YOUR GOAL:
Write the listing out again word for word, skipping each picture.

DATASET CONTENT:
* * * *

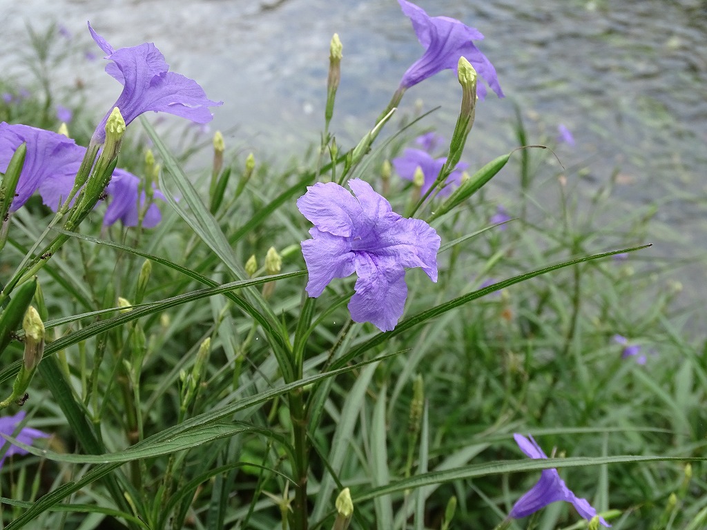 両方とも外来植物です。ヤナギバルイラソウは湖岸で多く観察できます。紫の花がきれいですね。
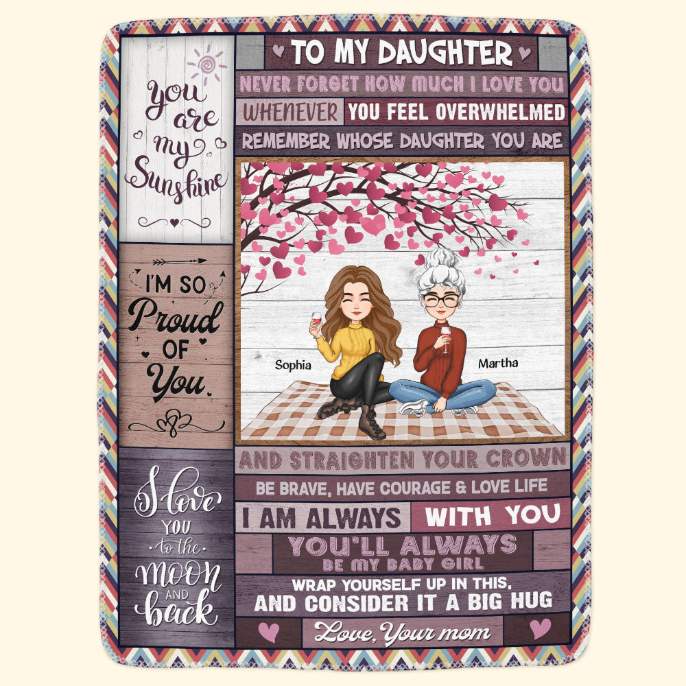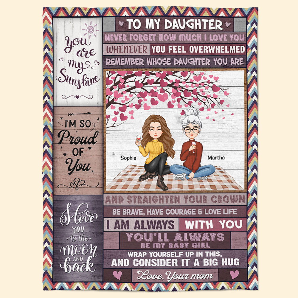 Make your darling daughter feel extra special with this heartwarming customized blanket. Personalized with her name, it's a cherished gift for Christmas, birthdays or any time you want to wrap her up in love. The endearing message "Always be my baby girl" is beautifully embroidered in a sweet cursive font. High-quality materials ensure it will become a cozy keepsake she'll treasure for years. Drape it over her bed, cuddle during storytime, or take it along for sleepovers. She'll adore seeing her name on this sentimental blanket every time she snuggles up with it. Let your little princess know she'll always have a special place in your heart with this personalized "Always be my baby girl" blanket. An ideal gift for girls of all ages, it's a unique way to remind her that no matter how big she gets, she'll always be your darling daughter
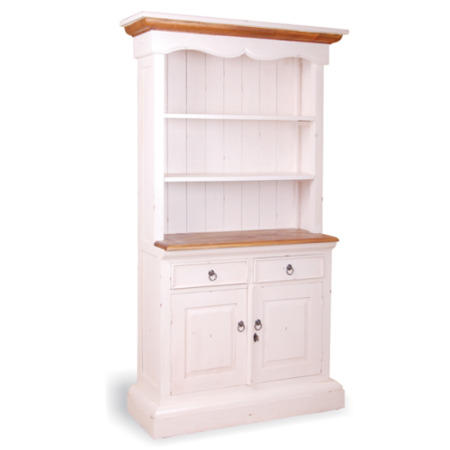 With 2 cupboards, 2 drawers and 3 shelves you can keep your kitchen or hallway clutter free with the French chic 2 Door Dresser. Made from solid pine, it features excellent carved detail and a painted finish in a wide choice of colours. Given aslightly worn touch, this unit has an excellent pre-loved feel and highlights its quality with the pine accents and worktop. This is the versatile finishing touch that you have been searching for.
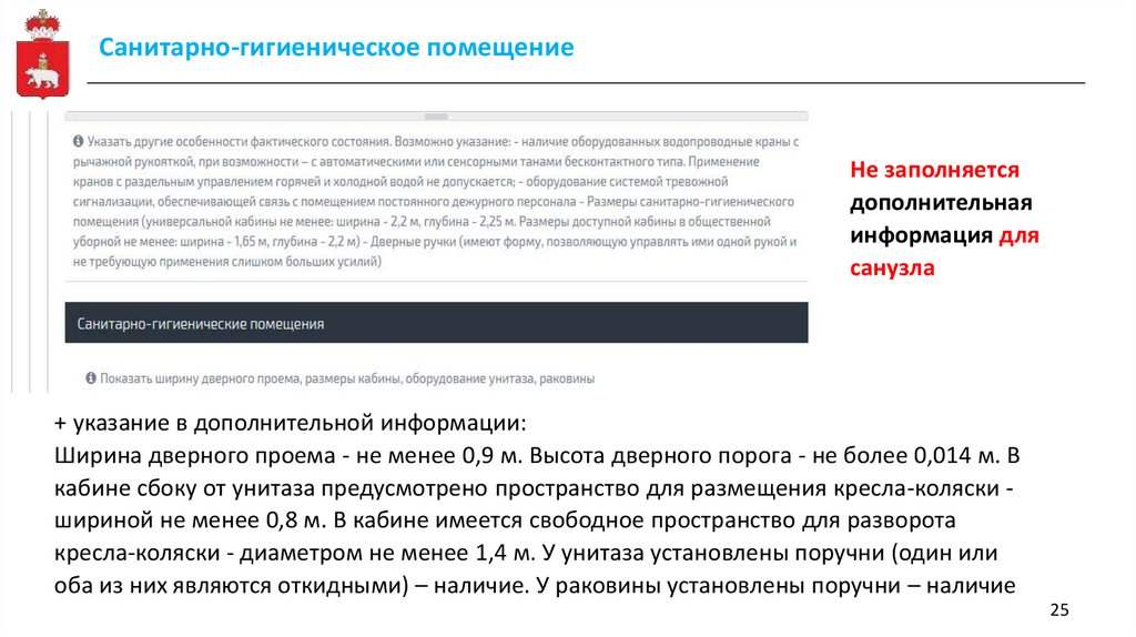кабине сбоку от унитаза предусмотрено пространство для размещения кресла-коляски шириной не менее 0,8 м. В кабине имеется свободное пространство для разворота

* * * *

ANSWER TO THIS EXERCISE:
 両方とも外来植物です。ヤナギバルイラソウは湖岸で多く観察できます。紫の花がきれいですね。
 Make your darling daughter feel extra special with this heartwarming customized blanket. Personalized with her name, it's a cherished gift for Christmas, birthdays or any time you want to wrap her up in love. The endearing message "Always be my baby girl" is beautifully embroidered in a sweet cursive font. High-quality materials ensure it will become a cozy keepsake she'll treasure for years. Drape it over her bed, cuddle during storytime, or take it along for sleepovers. She'll adore seeing her name on this sentimental blanket every time she snuggles up with it. Let your little princess know she'll always have a special place in your heart with this personalized "Always be my baby girl" blanket. An ideal gift for girls of all ages, it's a unique way to remind her that no matter how big she gets, she'll always be your darling daughter
 With 2 cupboards, 2 drawers and 3 shelves you can keep your kitchen or hallway clutter free with the French chic 2 Door Dresser. Made from solid pine, it features excellent carved detail and a painted finish in a wide choice of colours. Given aslightly worn touch, this unit has an excellent pre-loved feel and highlights its quality with the pine accents and worktop. This is the versatile finishing touch that you have been searching for.
кабине сбоку от унитаза предусмотрено пространство для размещения кресла-коляски шириной не менее 0,8 м. В кабине имеется свободное пространство для разворота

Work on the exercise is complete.